If you can’t keep them off the streets, beat them up, or jail them, then you join them and destroy them from within. It’s an ancient trick, but the Castro dynasty has perfected it.
Unfortunately, the tactic works.
18 members of Cuba’s Ladies in White resign over alleged infiltrator
By JUAN O. TAMAYO — El Nuevo Herald
MIAMI — At least 18 members have quit Cuba’s dissident Ladies in White in the eastern province of Santiago de Cuba. Top opposition leader Jose Daniel Ferrer has been accused of treating a black supporter like a slave. And Ferrer has split from his wife of 20 years.
The two most aggressive opposition movements in eastern Cuba appear to be going through a rough period in recent weeks, forced to deny serious allegations and even hanging up the phone on usually friendly Miami news media.
But dissidents say their troubles are the work of infiltrators from the State Security apparatus in the communist-ruled island, tasked with fueling the jealousies and rivalries that have long riven the opposition and creating new ones.
“It is very, very clear that all of this comes from people who have a job to do for the political police,” said Ferrer, who served eight years as a political prisoner, was freed in 2011 and is now one of the island’s most respected opposition activists.
The group he founded, the Cuban Patriotic Union, or UNPACU, is the most combative dissident faction in Santiago. Earlier this year it forged a national alliance with Guillermo Farinas, winner of the European Parliament’s $67,000 Sakharov prize.
Authorities meanwhile have repeatedly cracked down on the Santiago branch of the Ladies in White as they push to win the same right to stage public protests as their counterparts in Havana, who march along an avenue after Sunday Masses.
At the root of the split within the Ladies in White is a push by several members to expel a woman repeatedly accused of being a State Security infiltrator and inventing gossip about infidelities by the group’s members or their husbands.

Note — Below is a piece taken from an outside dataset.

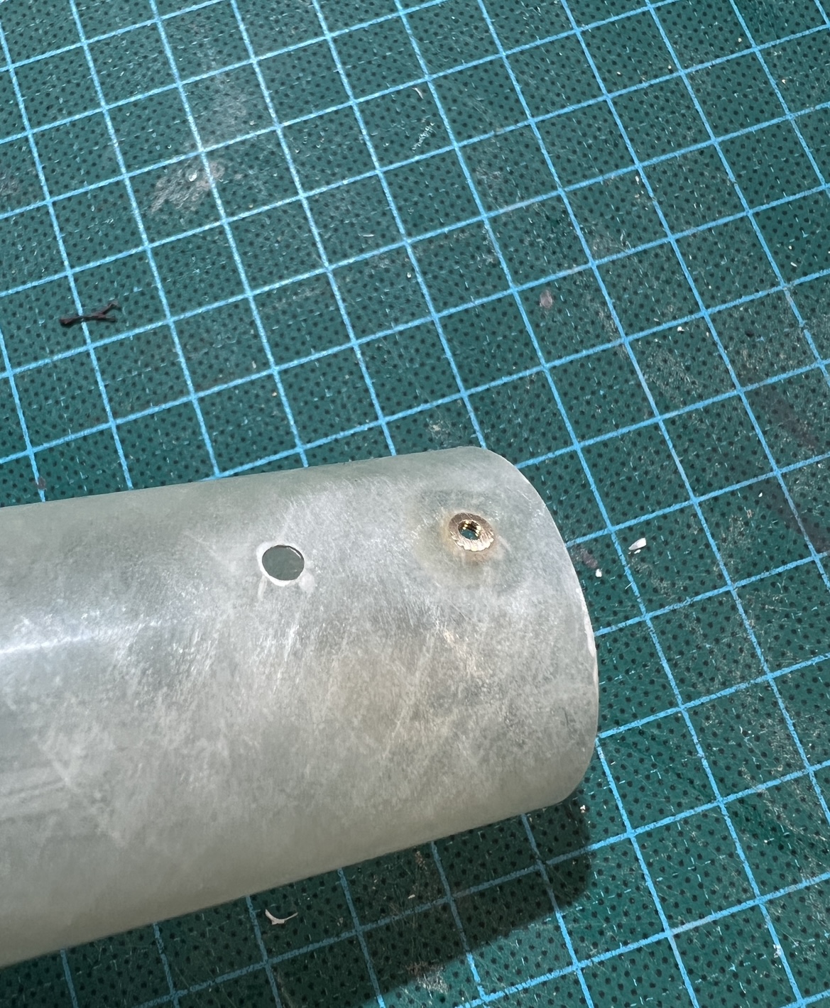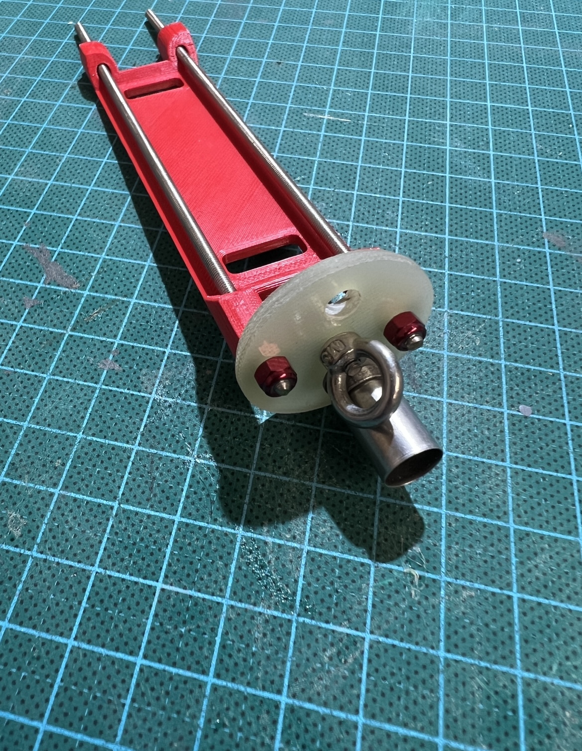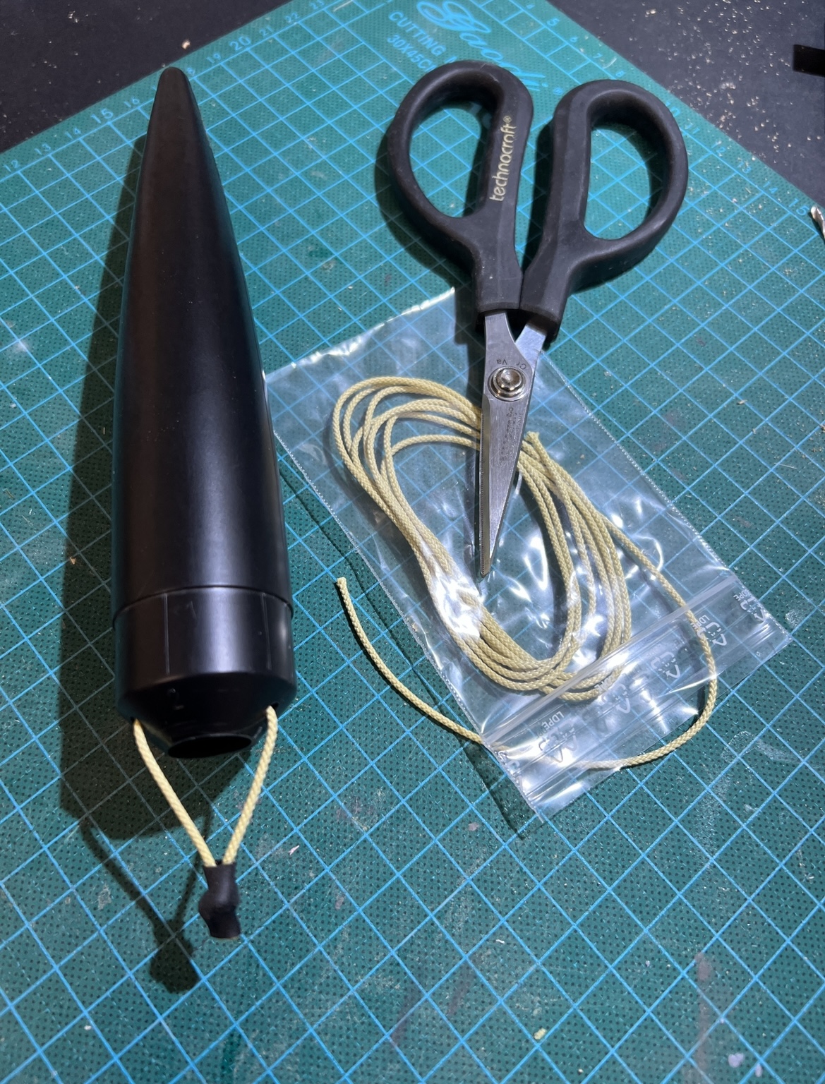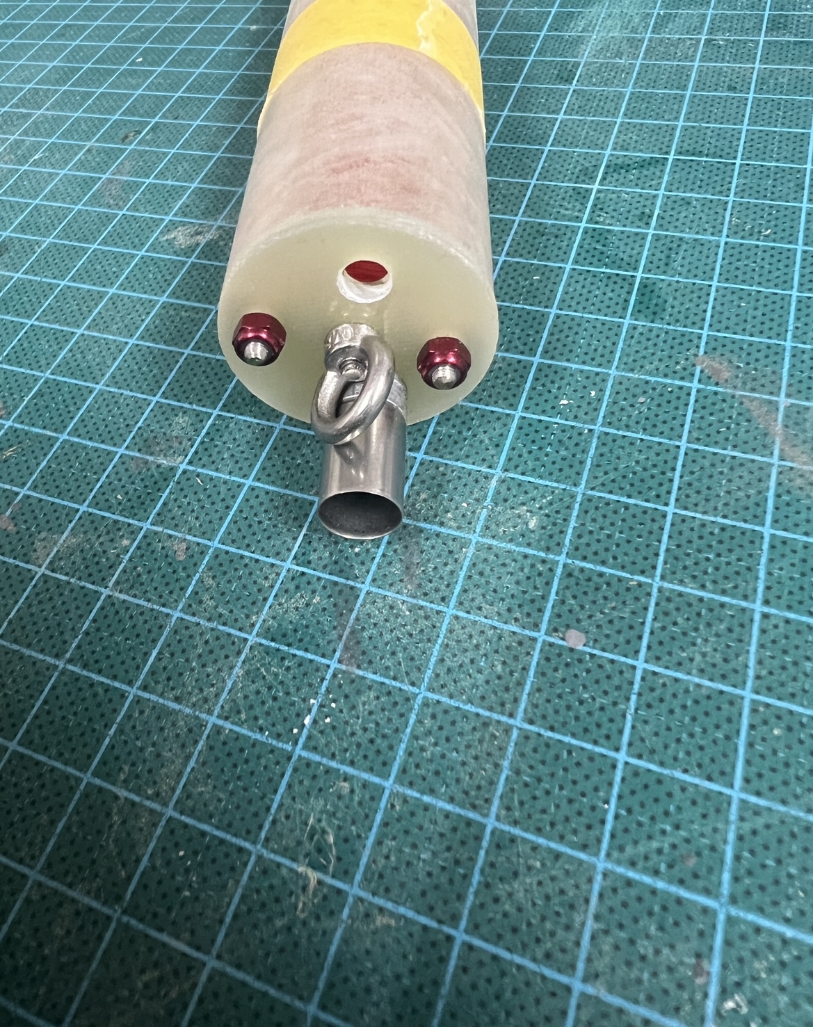 Die Spritzguss Öse hab ich weg genommen und zwei Löcher in den Konus der Spitze gebohrt .. diese nehmen eine Kevlar Schleife als Attachment Punkt auf ..

Group leader Berta Soler in Havana acknowledged that she and Santiago leader Belkis Cantillo opposed expelling the woman during a June 18 meeting in Santiago because it would be essentially undemocratic to drive her out without hard evidence.
“We are learning each day how to live with infiltrators. It does not worry us,” Soler told El Nuevo Herald by phone from Havana. “We are not going to waste the time that must be used to continue working for human rights.”
In a statement issued June 30, Soler had declared: “We will not fall into the foolish game of you tell me and I tell you … There are no proofs that she is an agent … so she will continue being a member until it is proven.”